■ **TASK DIRECTIONS**
Your answer must be an exact copy of the data below, minus any pictures.

== DATA TO EXAMINE ==

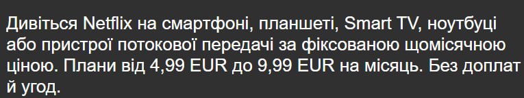 Сьогодні подешевшали всі передплати сервісу. Якщо раніше вартість базового плану (480p) в Україні становила 7,99 євро, то зараз — 4,99 євро. Стандартний план (1080p) коштував 9,99 євро, а тепер — 7,49 євро. Преміумпакет (4К+HDR) коштує 9,99 євро, раніше — за 11,99 євро.
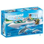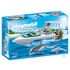 Viens nager avec les dauphins grâce au Set de Playmobil 6981 et son bateau de plongée! Les plongeurs peuvent choisir vitre, palmes, masque, tuba ou plongée bouteille. Le bateau flotte et le moteur submersible réf. 7350, réf. 5159 ou réf. 5536 peut être ajouté. Le bateau peut tracter la banane compri
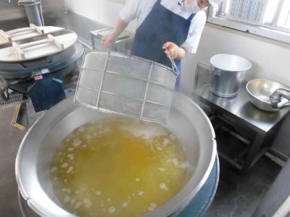 「船場汁」は大阪の郷土料理で、こんぶのだし汁でさばのあらとだいこんを煮て、塩で味を調える料理です。給食では、さばの代わりにさけを使った、すまし汁にしています。
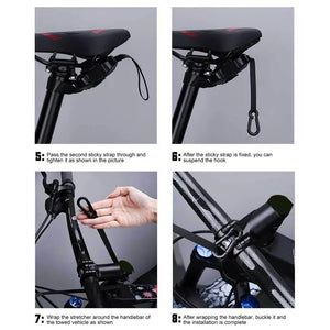 4.Easy to Install: Our cycling tow rope ensures protection for you and your travel companions across all terrains. Enjoy peace of mind and easy installation under the seat cushion, seat tube, or front of the car, without needing any tools
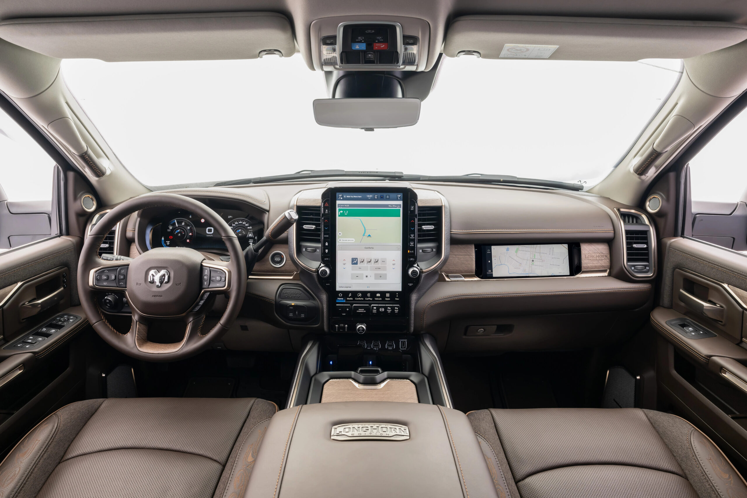 No interior, os modelos seguem apostando em conforto e acabamento premium. A versão 3500 Limited Longhorn representa o topo da gama da marca no país, com cabine revestida em couro, detalhes em madeira legítima e elementos decorativos exclusivos. Entre os recursos tecnológicos, o retrovisor digital 3.0 amplia a visibilidade do motorista ao projetar diferentes ângulos de visão, especialmente útil durante o reboque de trailers ou implementos.
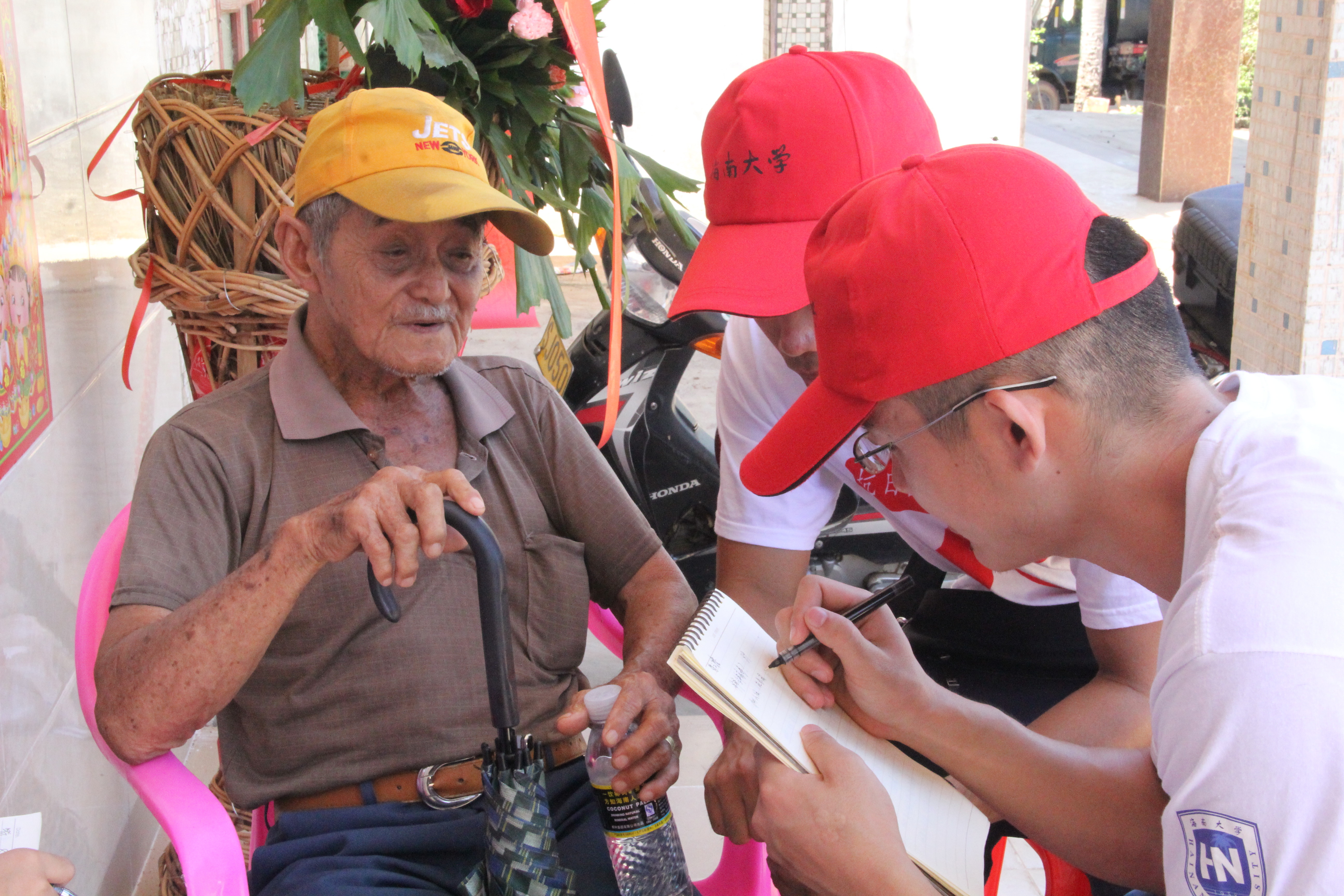 8月5日,由文昌市团委、pa电子官方网站联合组建的抗争胜利七十周年寻访团一行11人,分别对文城镇、东阁镇的抗战老兵进行采访。

===

■ **TASK RESULT**
 Сьогодні подешевшали всі передплати сервісу. Якщо раніше вартість базового плану (480p) в Україні становила 7,99 євро, то зараз — 4,99 євро. Стандартний план (1080p) коштував 9,99 євро, а тепер — 7,49 євро. Преміумпакет (4К+HDR) коштує 9,99 євро, раніше — за 11,99 євро.
 Viens nager avec les dauphins grâce au Set de Playmobil 6981 et son bateau de plongée! Les plongeurs peuvent choisir vitre, palmes, masque, tuba ou plongée bouteille. Le bateau flotte et le moteur submersible réf. 7350, réf. 5159 ou réf. 5536 peut être ajouté. Le bateau peut tracter la banane compri
 「船場汁」は大阪の郷土料理で、こんぶのだし汁でさばのあらとだいこんを煮て、塩で味を調える料理です。給食では、さばの代わりにさけを使った、すまし汁にしています。
 4.Easy to Install: Our cycling tow rope ensures protection for you and your travel companions across all terrains. Enjoy peace of mind and easy installation under the seat cushion, seat tube, or front of the car, without needing any tools
 No interior, os modelos seguem apostando em conforto e acabamento premium. A versão 3500 Limited Longhorn representa o topo da gama da marca no país, com cabine revestida em couro, detalhes em madeira legítima e elementos decorativos exclusivos. Entre os recursos tecnológicos, o retrovisor digital 3.0 amplia a visibilidade do motorista ao projetar diferentes ângulos de visão, especialmente útil durante o reboque de trailers ou implementos.
 8月5日,由文昌市团委、pa电子官方网站联合组建的抗争胜利七十周年寻访团一行11人,分别对文城镇、东阁镇的抗战老兵进行采访。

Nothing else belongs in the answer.